OBJECTIVES: EGPA is a rare chronic disease characterised by the combination of small/medium vessel vasculitis, hypereosinophilia and asthma. Published literature on the burden of EGPA in Europe is limited. Using a large European cohort of patients with EGPA, we describe regional differences in the EGPA-related clinical and disease burden.

METHODS: This retrospective chart review study included patients ≥12 years of age with a confirmed EGPA diagnosis and ≥1 year of follow-up data after the first physician encounter between Jan 2015–Dec 2019. A panel of 204 physicians across 5 European countries (France, Germany, Italy, Spain, UK) abstracted patient charts. Patient characteristics, clinical manifestations and EGPA-related treatment patterns were described for the overall population and by country.

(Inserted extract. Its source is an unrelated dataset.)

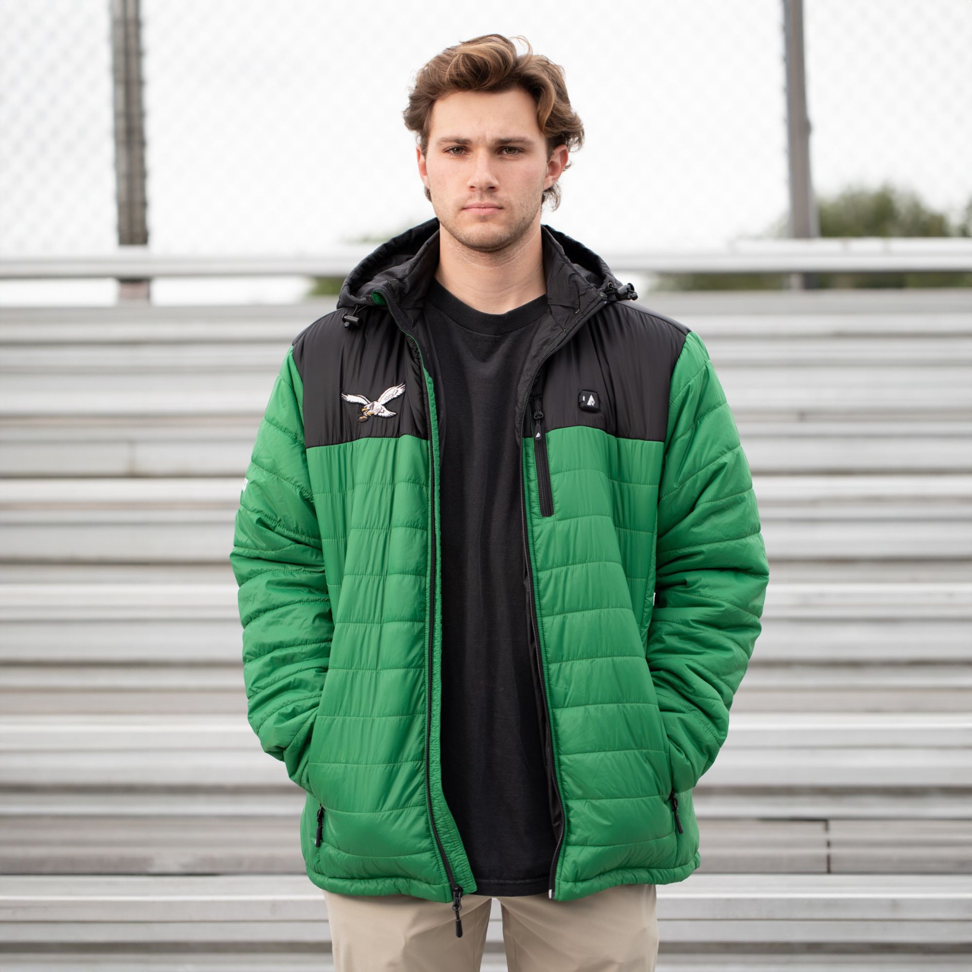 As someone who HATES heavy bulky jackets but LOVES Kelly green Eagles apparel, I was hesitant to buy this last year. I can tell you that, I wear this jacket everyday it’s extremely comfortable and lightweight yet the warmest jacket I have owned and that’s without the heating element. The heating element puts it in a category all by itself, I immediately bought my wife the black Eagles one. Hats Off to ActionHeat they have made an incredible product. P.S. I upgraded the jackets Powerbank, with a more lightweight and more powerful 20,000mah portable charger and it lasts 8+ hours at Maximum heat.

RESULTS: In total, 407 patients were included; 80–85 patients per country. The median (IQR) age at diagnosis was 44.5 (32.8–53.7) years, with a mean (SD) disease duration of 3.6 (3.2) years from diagnosis. Overall, 58% of patients had ≥3 distinct clinical manifestations. The most commonly affected organ systems varied by country: lungs in France (68%) and Spain (67%); ear, nose and throat in the UK (56%) and Italy (54%); and constitutional in the UK (56%) and Germany (48%). The proportion of patients who experienced remission (physician defined) was highest in Germany (71%) and lowest in France (51%). Across all countries, 75% of patients received ≥3 EGPA therapies. The proportion of patients receiving oral corticosteroids was high in all countries (98% [France] to 100% [Germany and the UK]); conversely, immunosuppressant and biologic use varied between countries (immunosuppressants/other therapies: 46% [France] to 77% [UK]; biologics: 21% [Germany] to 69% [Italy]).

CONCLUSIONS: Regional variations in clinical manifestations, remission and treatment patterns suggests differences in treatment approach for patients with EGPA across Europe. Strategies to optimise EGPA management are needed.